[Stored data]
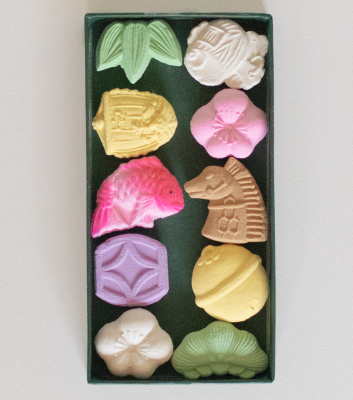 月々に詰め合わせ内容を吟味し、時節時節の色合いを楽しめる落雁の詰め合わせです。
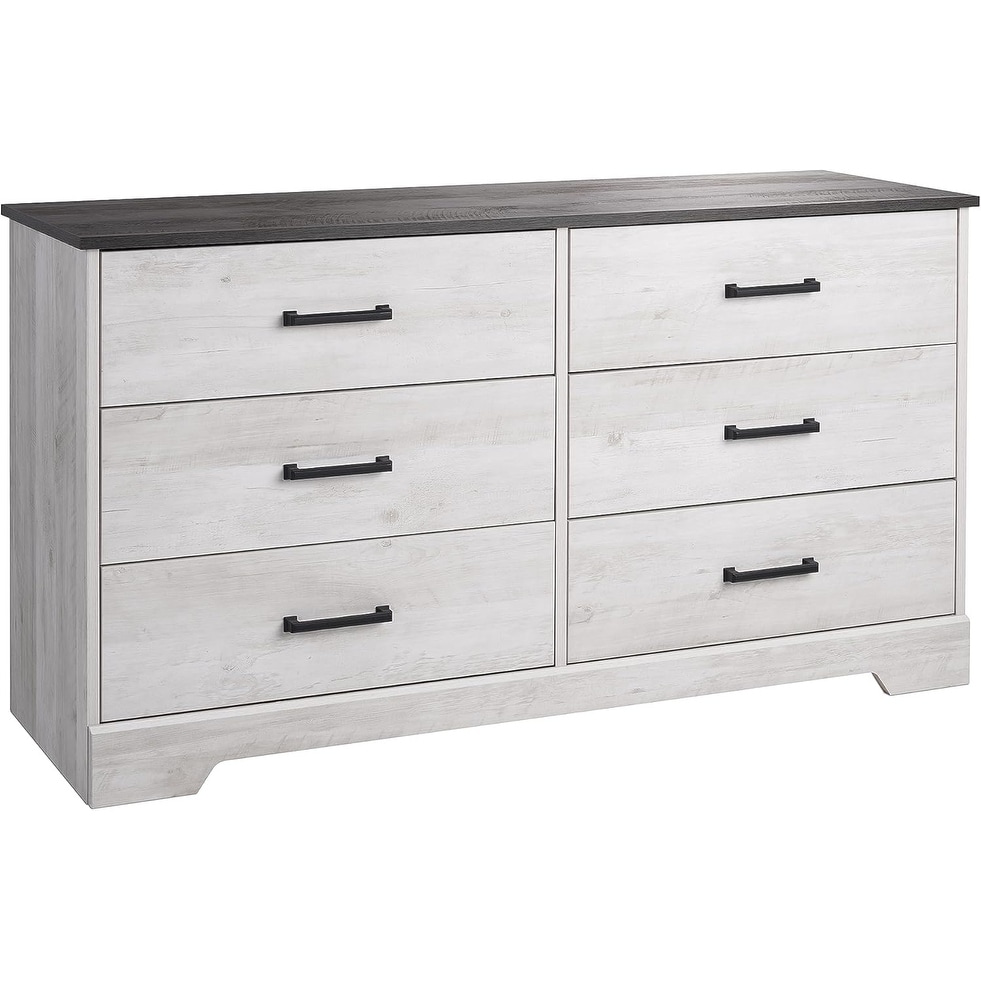 Farmhouse 6-Drawer Double Dresser, Washed White, 53.25"W x 18.25"D x 28.5"H, Ideal for Bedroom Storage
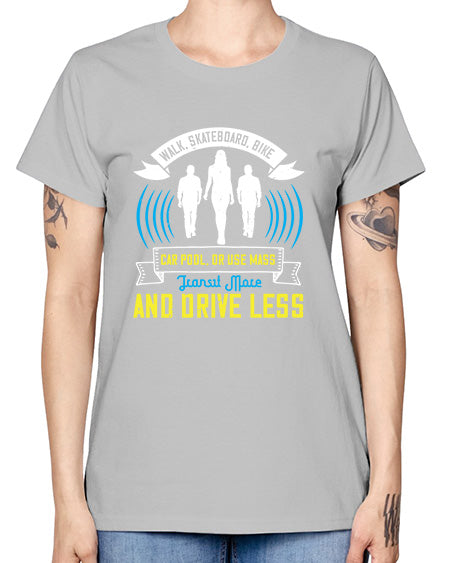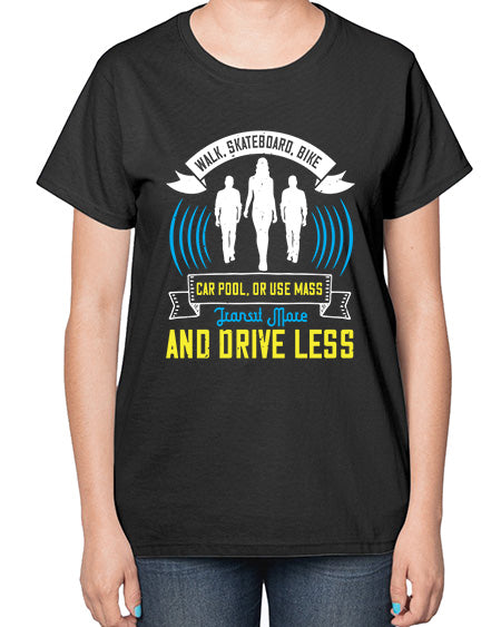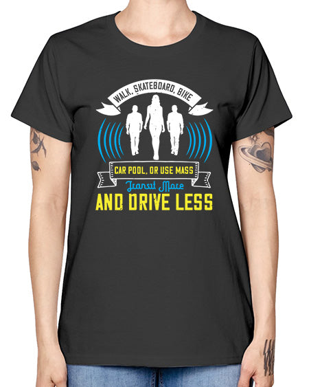 walk skateboard bike car pool or use mass transit more and drive less 594# - walking- Ladies T-Shirt
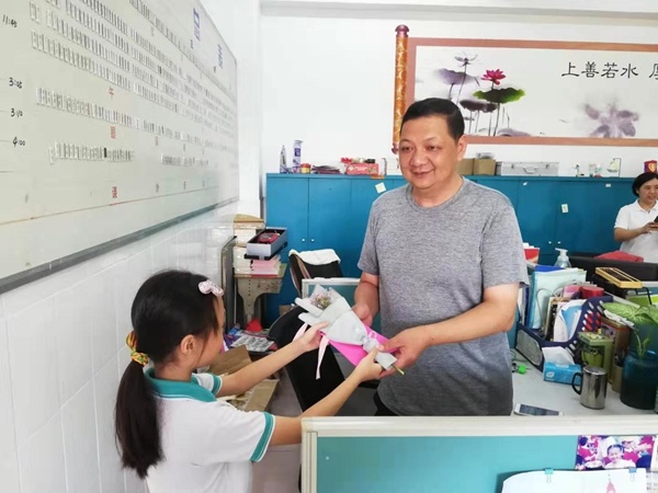 鲜花、诗歌、热茶、掌声、拥抱……全国的第35个教师节如期而至。在这个属于教师的节日里,沙溪镇中心小学举办庆祝教师节主题活动,共同为敬爱的老师庆祝节日。9月10日一大早,同学们一个个来到办公室,为敬爱的老师献上一朵鲜花;送上一张亲手做的卡片;敬上一杯热茶;朗诵一首小诗,充满敬意地对老师们说声:“老师,教师节快乐!”孩子们纷纷用自己的方式来颂扬教师这一光辉的职业,感恩老师们年复一年的付出!
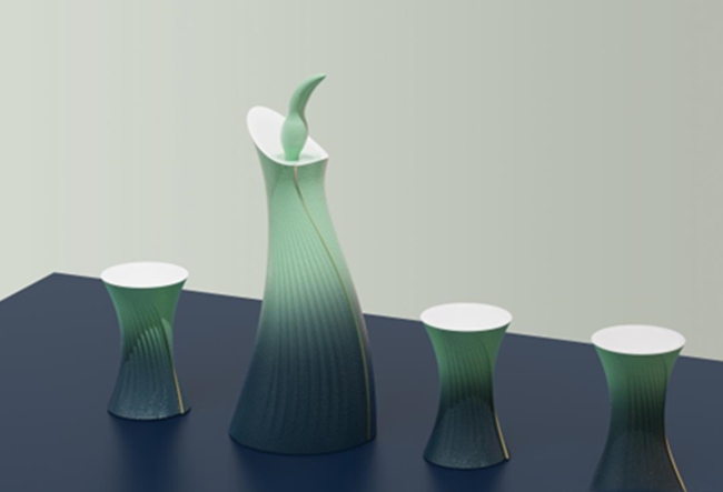 设计说明:只此青绿分酒器造型灵感来源舞蹈诗剧《只此青绿》,整体造型宛若舞者衣袂翩翩,以当代的表达方式叙述悠远绵长的传统文化意境。千里江山青绿的渐变釉色配合条纹的造型让人感受到虚实交错的美感。顶部放大的壶嘴让酒更容易倒入瓶内;延长的壶嘴使出断水利落却细腻,便于分酒。

Aim of the exercise — Output the records above as they stand, from the first line to the line with "walk skateboard bike", inclusive, and exclude the pictures.

Answer section —
 月々に詰め合わせ内容を吟味し、時節時節の色合いを楽しめる落雁の詰め合わせです。
 Farmhouse 6-Drawer Double Dresser, Washed White, 53.25"W x 18.25"D x 28.5"H, Ideal for Bedroom Storage
 walk skateboard bike car pool or use mass transit more and drive less 594# - walking- Ladies T-Shirt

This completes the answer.